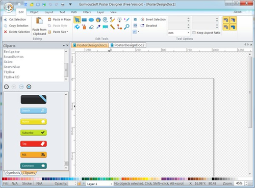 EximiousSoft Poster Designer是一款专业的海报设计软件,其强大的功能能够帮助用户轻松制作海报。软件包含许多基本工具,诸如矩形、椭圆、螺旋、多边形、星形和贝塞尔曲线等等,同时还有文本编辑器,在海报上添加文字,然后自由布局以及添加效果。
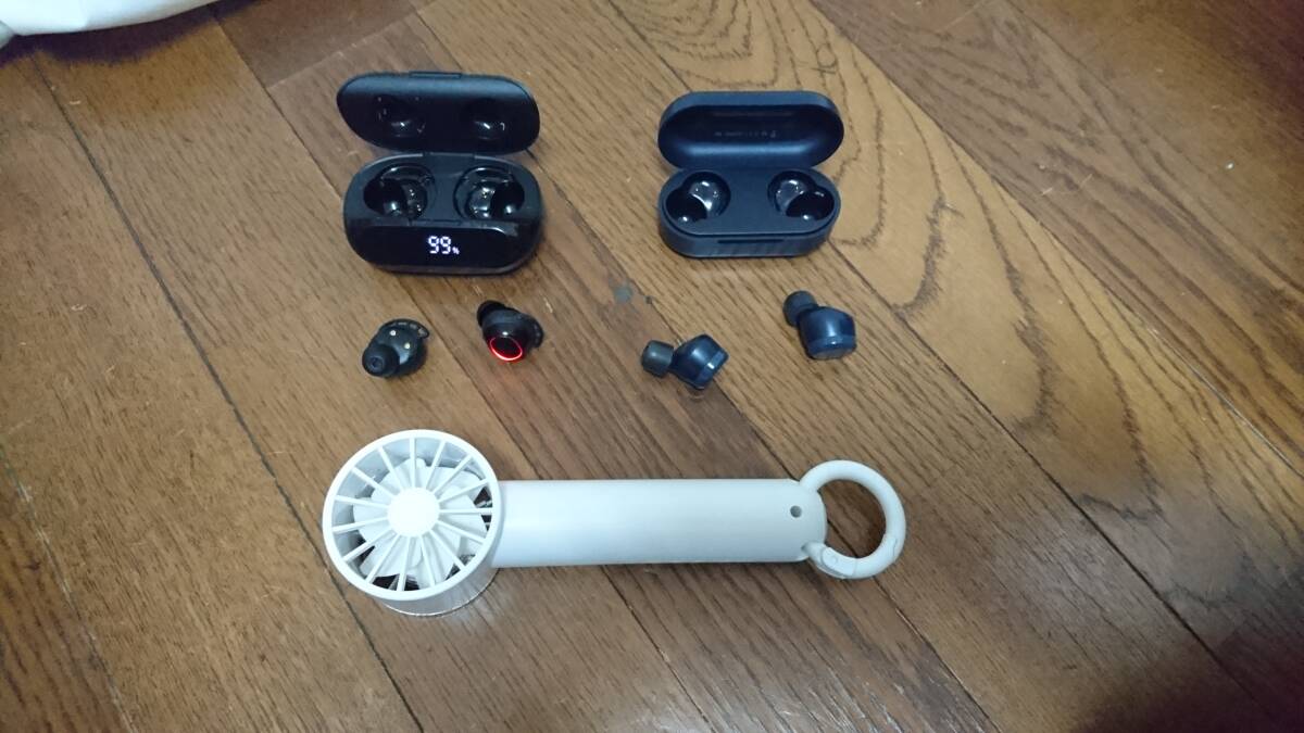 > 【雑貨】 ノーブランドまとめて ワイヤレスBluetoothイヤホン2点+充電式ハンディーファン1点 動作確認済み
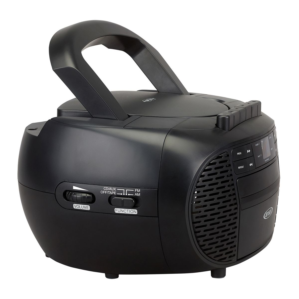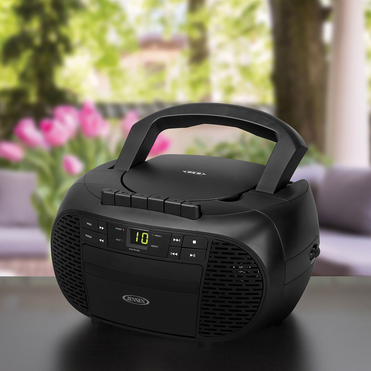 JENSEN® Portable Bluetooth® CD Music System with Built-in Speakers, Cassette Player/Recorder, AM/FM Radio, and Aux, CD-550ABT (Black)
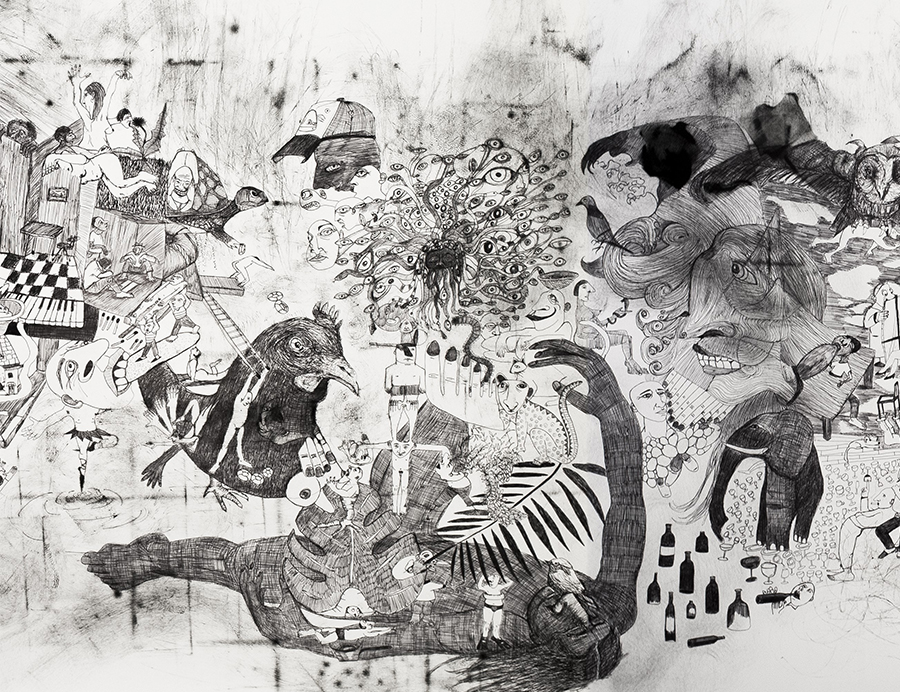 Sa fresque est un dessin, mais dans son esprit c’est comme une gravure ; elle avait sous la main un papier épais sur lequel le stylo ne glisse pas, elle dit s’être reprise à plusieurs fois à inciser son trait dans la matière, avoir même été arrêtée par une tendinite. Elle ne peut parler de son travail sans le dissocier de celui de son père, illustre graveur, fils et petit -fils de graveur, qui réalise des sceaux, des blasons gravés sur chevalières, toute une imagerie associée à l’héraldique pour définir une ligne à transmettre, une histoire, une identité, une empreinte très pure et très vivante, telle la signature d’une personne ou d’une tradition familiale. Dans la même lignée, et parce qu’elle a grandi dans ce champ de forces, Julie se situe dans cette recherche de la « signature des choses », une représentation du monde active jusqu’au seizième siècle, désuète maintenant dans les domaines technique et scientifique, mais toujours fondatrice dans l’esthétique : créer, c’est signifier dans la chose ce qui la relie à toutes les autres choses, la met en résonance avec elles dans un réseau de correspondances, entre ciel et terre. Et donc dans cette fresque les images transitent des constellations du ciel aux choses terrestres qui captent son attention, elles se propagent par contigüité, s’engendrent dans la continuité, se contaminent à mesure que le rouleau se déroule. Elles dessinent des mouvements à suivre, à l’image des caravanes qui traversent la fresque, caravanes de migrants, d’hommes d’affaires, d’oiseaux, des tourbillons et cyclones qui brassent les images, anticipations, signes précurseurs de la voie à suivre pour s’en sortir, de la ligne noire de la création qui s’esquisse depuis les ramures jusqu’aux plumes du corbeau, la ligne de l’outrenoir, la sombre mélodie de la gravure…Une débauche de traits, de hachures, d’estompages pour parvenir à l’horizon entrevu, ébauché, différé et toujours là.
#####
**WORK ORDER:** Give back, unaltered, each line of the listing from the first to the line that contains "JENSEN® Portable Bluetooth®", leaving every picture out.

**TASK RESULT:**
 EximiousSoft Poster Designer是一款专业的海报设计软件,其强大的功能能够帮助用户轻松制作海报。软件包含许多基本工具,诸如矩形、椭圆、螺旋、多边形、星形和贝塞尔曲线等等,同时还有文本编辑器,在海报上添加文字,然后自由布局以及添加效果。
 > 【雑貨】 ノーブランドまとめて ワイヤレスBluetoothイヤホン2点+充電式ハンディーファン1点 動作確認済み
 JENSEN® Portable Bluetooth® CD Music System with Built-in Speakers, Cassette Player/Recorder, AM/FM Radio, and Aux, CD-550ABT (Black)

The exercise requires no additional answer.